The connected past. Challenges to network studies in archaeology and history
Kristensen Eds. Movement, labour and devotion: A virtual walk to the sanctuary at Mount Kasios.
gigicreations.com/wp-includes/rockford/6842.php Collar Eds. Networks, connectivity and material culture. Surtees Eds. A long way from home: meshworks of migration, memory and emotion in the Roman Empire. Yoo, A.
Formal network methods are increasingly commonly applied in a wide range of disciplines to study phenomena as diverse as the connectivity of neurons in the human brain, terrorist networks, a billion interlinked Facebook profiles, and power grids. Despite this diversity and the decades-long tradition of using network methods in the social sciences, physics and computer science, the development of techniques for the study of spatial networks and long-term network change has so far been largely neglected. Network research is also becoming more common in disciplines concerned with the study of past human behaviour: archaeology, classics and history.

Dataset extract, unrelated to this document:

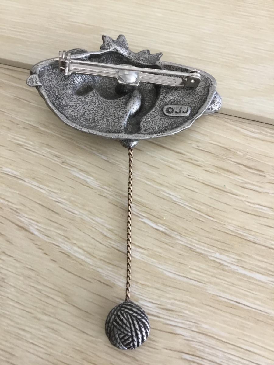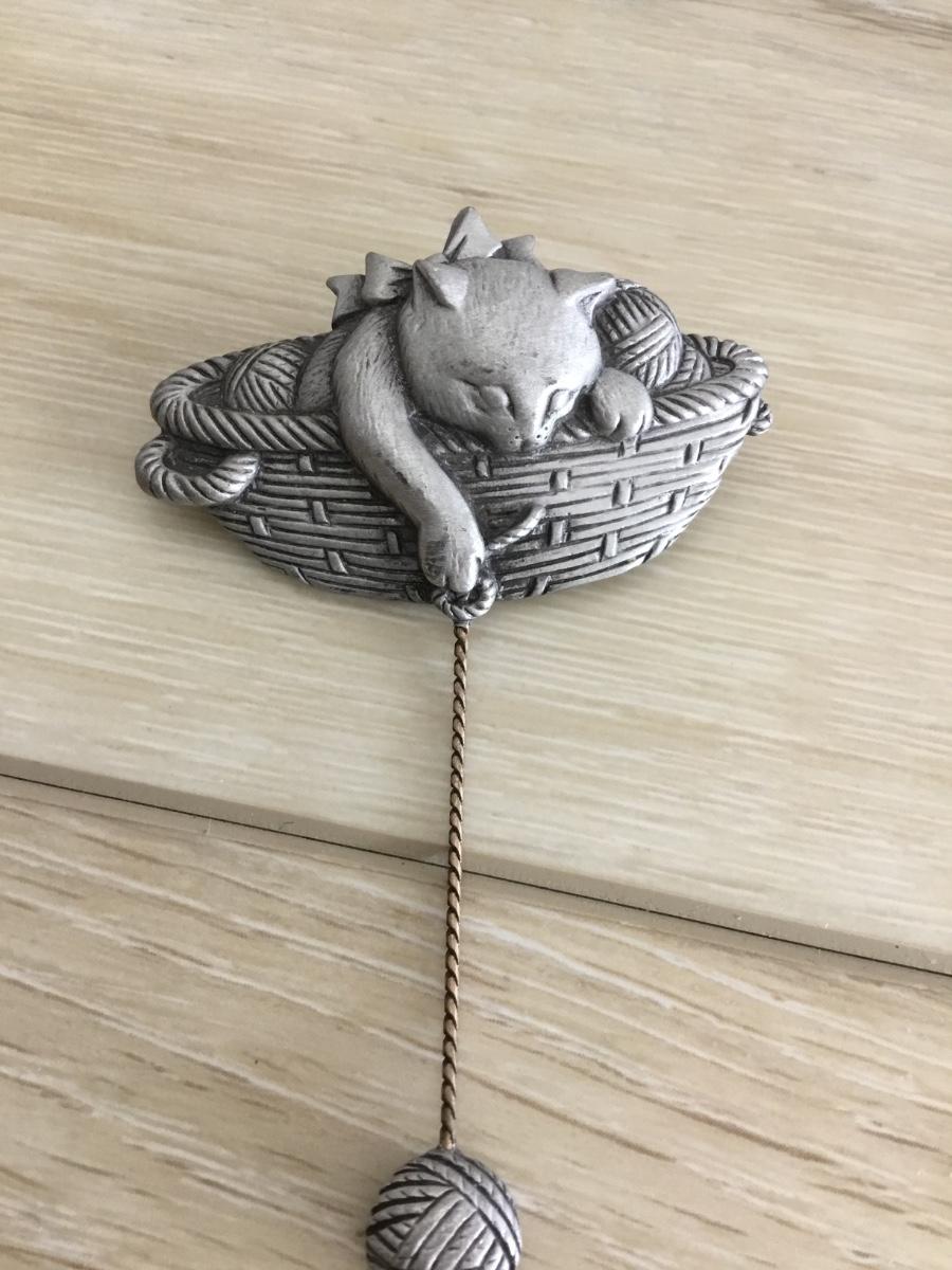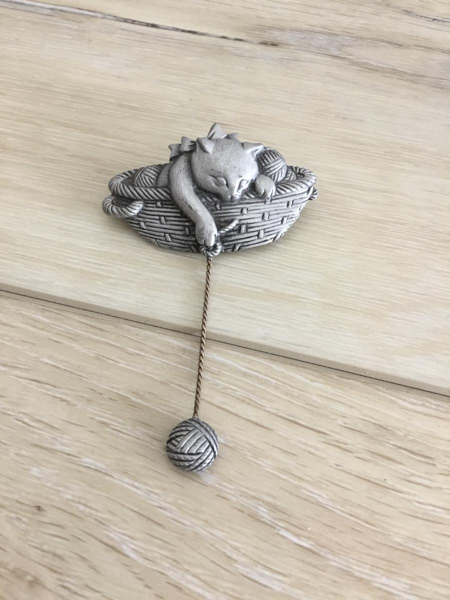 Vintage JJ pewter cat in a basket brooch

These disciplines have a strong tradition in exploring long-term human behavioural change and spatial phenomena, despite being forced to use fragmentary textual and material sources as indirect evidence of such phenomena. By bringing together network researchers from archaeology, classics, computer science, digital humanities, history, mathematics, network science, oriental studies, physics, psychology, and sociology, The Connected Past conference in Oxford aims to foster cross-disciplinary exchange to push network research further.